-------- Task material --------

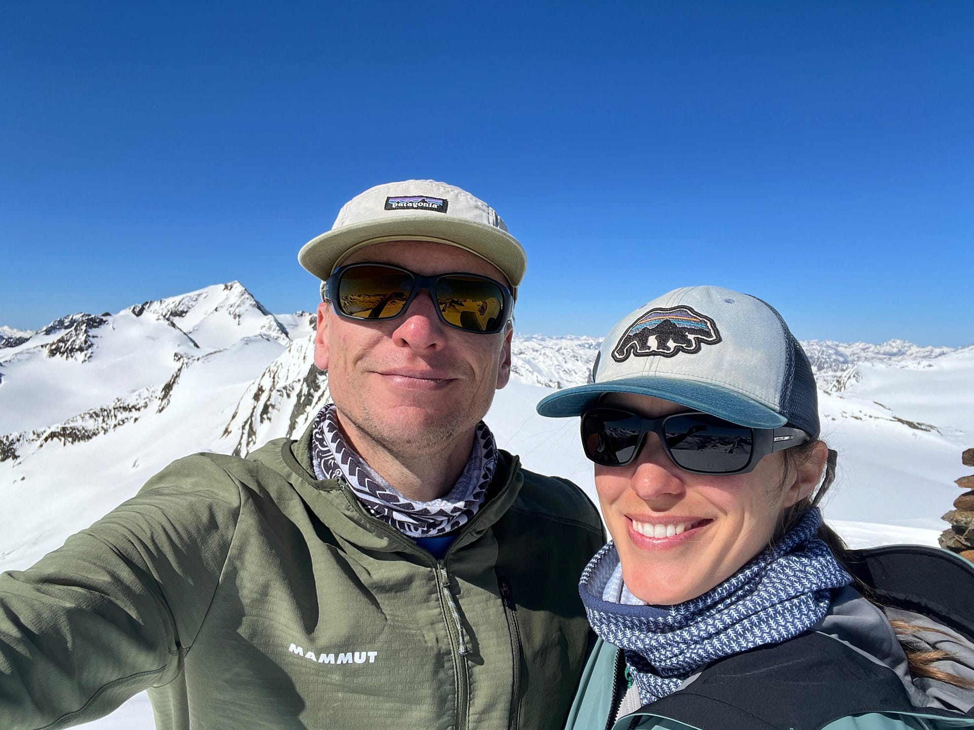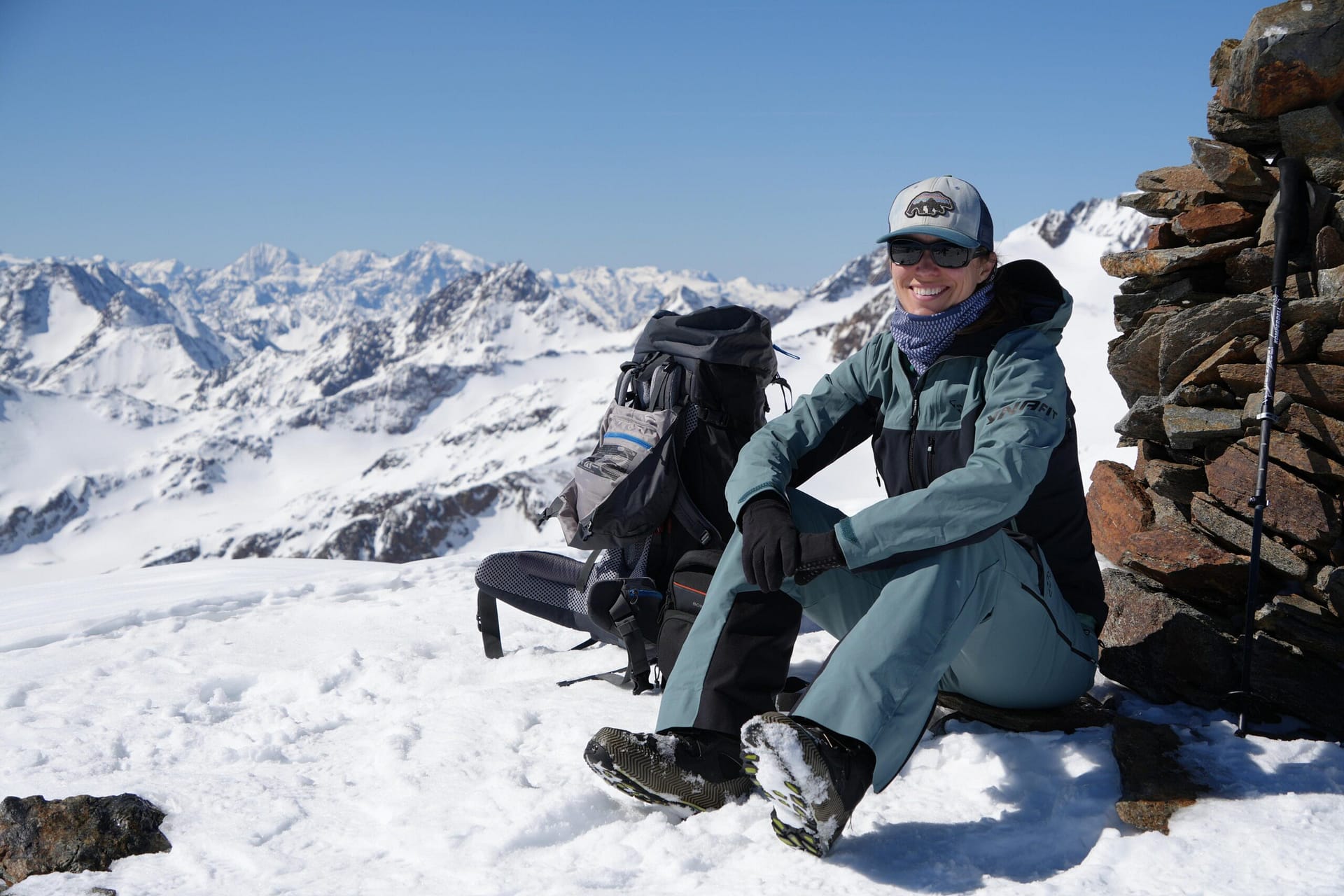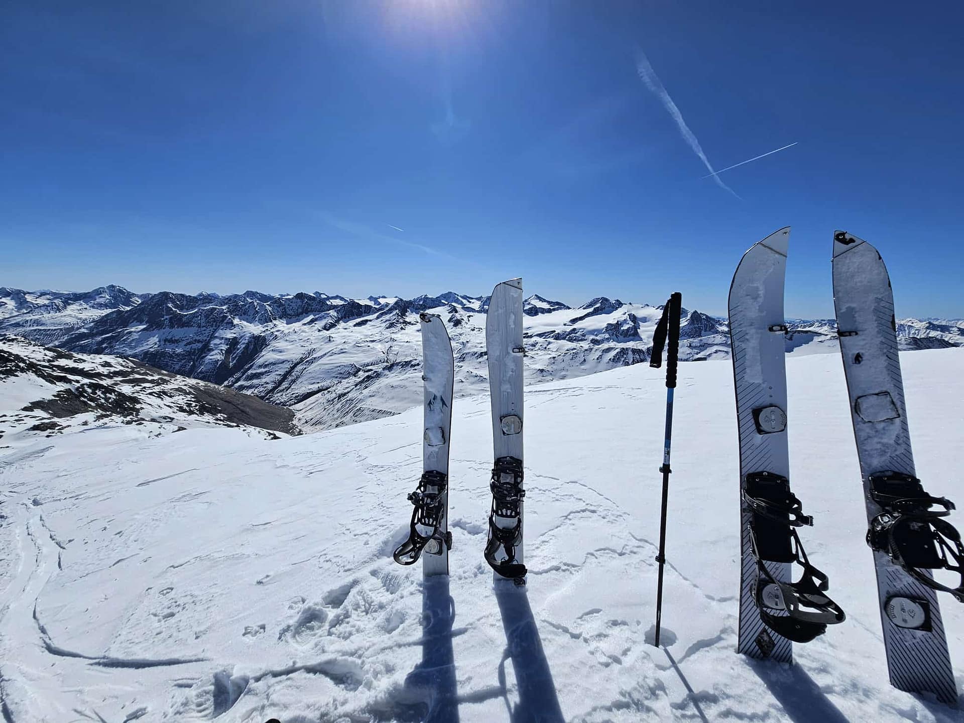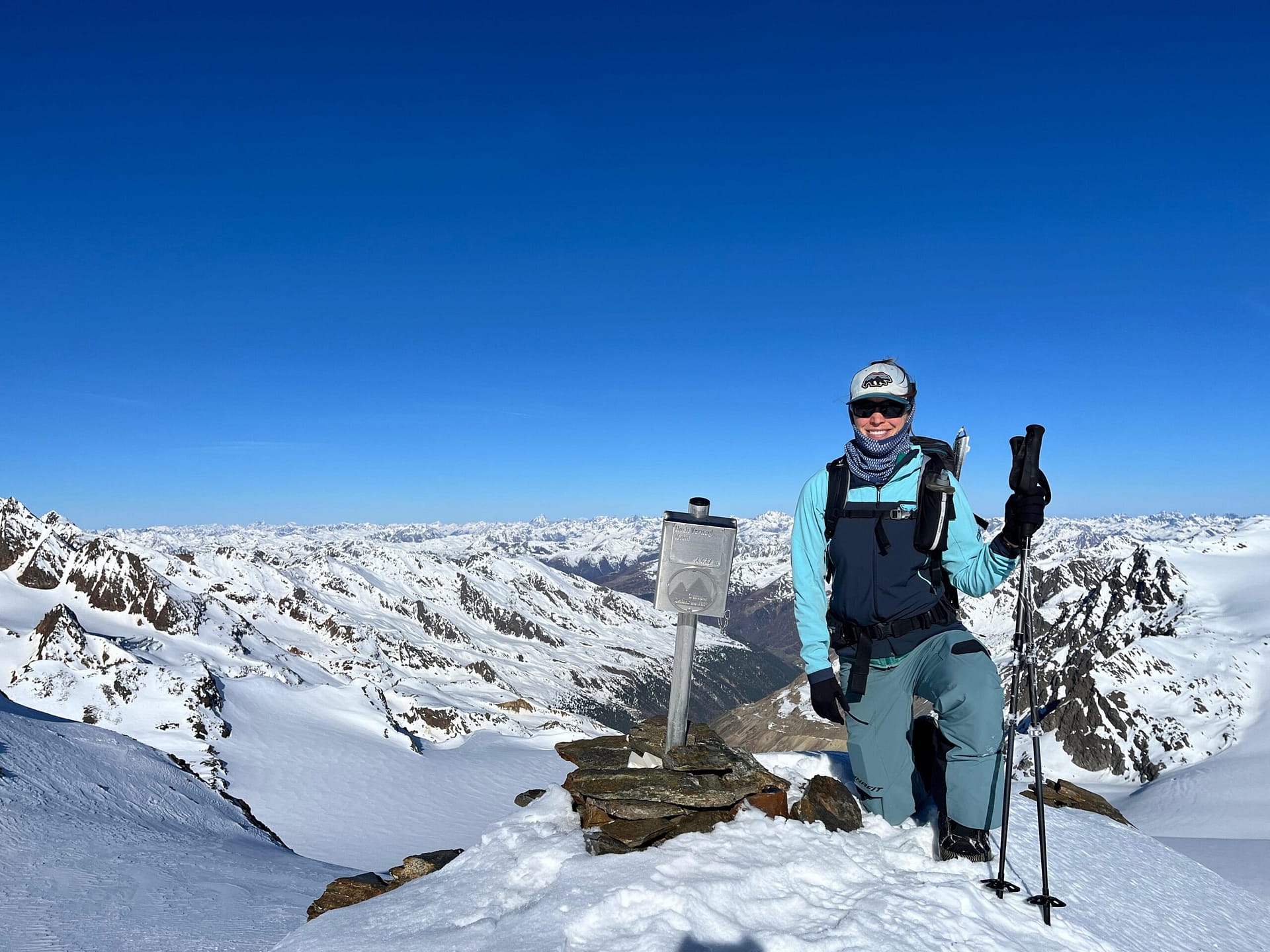 Wir starten am Brandenburger Haus und fahren zunächst einige Höhenmeter bis auf den Gletscher ab. Dort wechseln wir in den Aufstiegsmodus. Unsere Hochtourenausrüstung haben wir tatsächlich im Winterraum gelassen, da die Schneedecke auf dem Gletscher noch ausreichend tragfähig war. In südlicher Richtung gehen wir in einem leichten Rechtsbogen mit moderater Steigung an den Hintereisspitzen entlang. Die Hintere Hintereisspitze umrunden wir und steigen anschließend auf die Hochvernaglwand auf. Oben angekommen erwartet uns ein traumhafter 360°-Ausblick auf die umliegenden Gletscher und Gipfel.
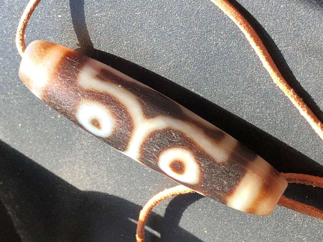 SoldANTIQUE TIBET DZI BEAD with Zhu Sha DotANTIQUE TIBET DZI BEAD with Zhu Sha Dot , length 2"See Sold Price
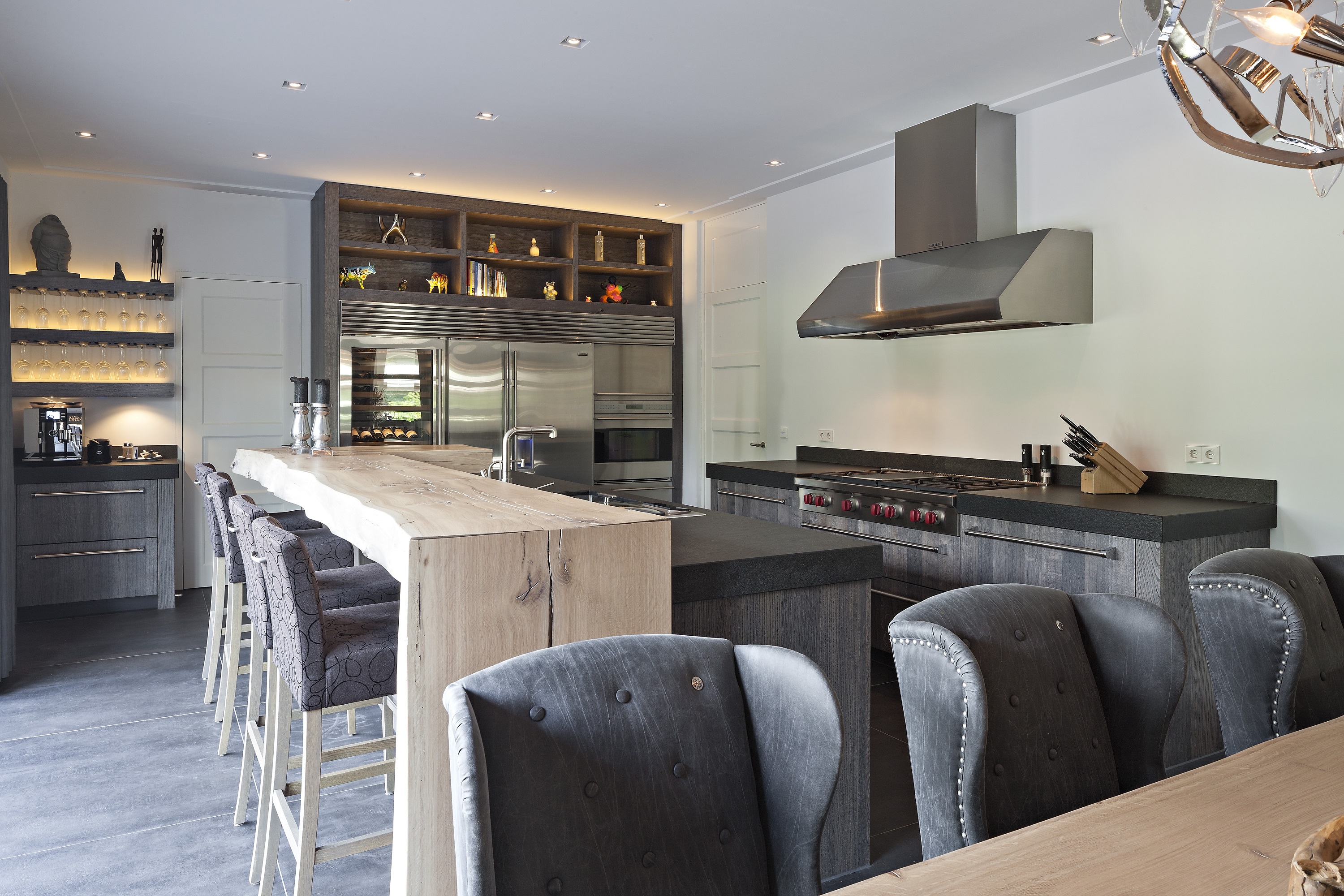Uigebreide maatwerkkeuken met een massieve boomstam als bar.
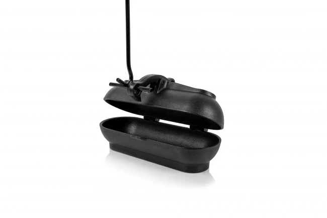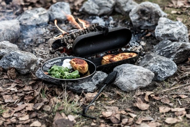 Der innovative Kippriegel mechanismus ist patentiert und ermöglicht eine einfache und sichere Handhabung. Hakt man den Deckelheber in die obere Öse, so kann man den Bräter ganz einfach in das Feuer legen oder herausnehmen. Hakt man ihn in die untere Öse, so lässt sich der Bräter öffnen um an den Inhalt zu gelangen.
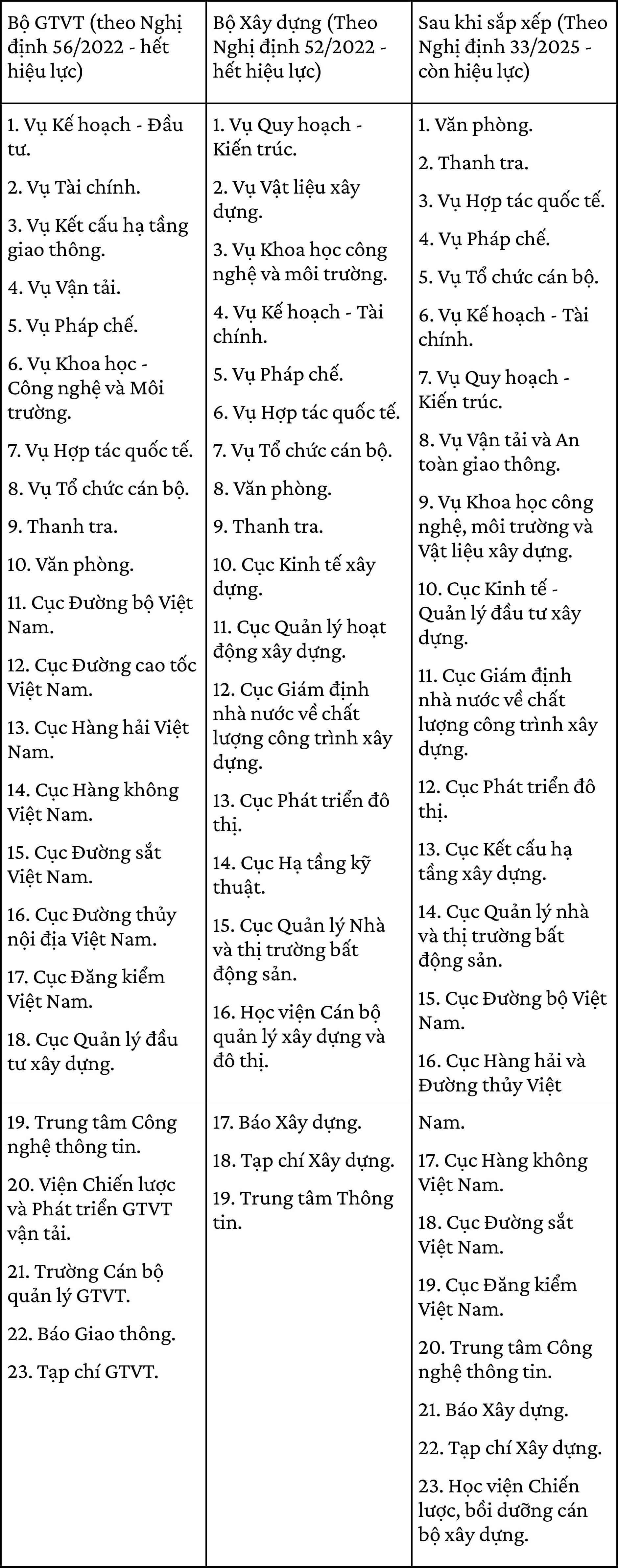 Trước khi hợp nhất, hai bộ có tổng cộng 42 đơn vị, trong đó Bộ GTVT có 23 đơn vị, Bộ Xây dựng có 19 đơn vị (xem bảng dưới đây).

--------

Problem statement. Each line above should be returned exactly as written, apart from any pictures.

Solution.
 Wir starten am Brandenburger Haus und fahren zunächst einige Höhenmeter bis auf den Gletscher ab. Dort wechseln wir in den Aufstiegsmodus. Unsere Hochtourenausrüstung haben wir tatsächlich im Winterraum gelassen, da die Schneedecke auf dem Gletscher noch ausreichend tragfähig war. In südlicher Richtung gehen wir in einem leichten Rechtsbogen mit moderater Steigung an den Hintereisspitzen entlang. Die Hintere Hintereisspitze umrunden wir und steigen anschließend auf die Hochvernaglwand auf. Oben angekommen erwartet uns ein traumhafter 360°-Ausblick auf die umliegenden Gletscher und Gipfel.
 SoldANTIQUE TIBET DZI BEAD with Zhu Sha DotANTIQUE TIBET DZI BEAD with Zhu Sha Dot , length 2"See Sold Price
Uigebreide maatwerkkeuken met een massieve boomstam als bar.
 Der innovative Kippriegel mechanismus ist patentiert und ermöglicht eine einfache und sichere Handhabung. Hakt man den Deckelheber in die obere Öse, so kann man den Bräter ganz einfach in das Feuer legen oder herausnehmen. Hakt man ihn in die untere Öse, so lässt sich der Bräter öffnen um an den Inhalt zu gelangen.
 Trước khi hợp nhất, hai bộ có tổng cộng 42 đơn vị, trong đó Bộ GTVT có 23 đơn vị, Bộ Xây dựng có 19 đơn vị (xem bảng dưới đây).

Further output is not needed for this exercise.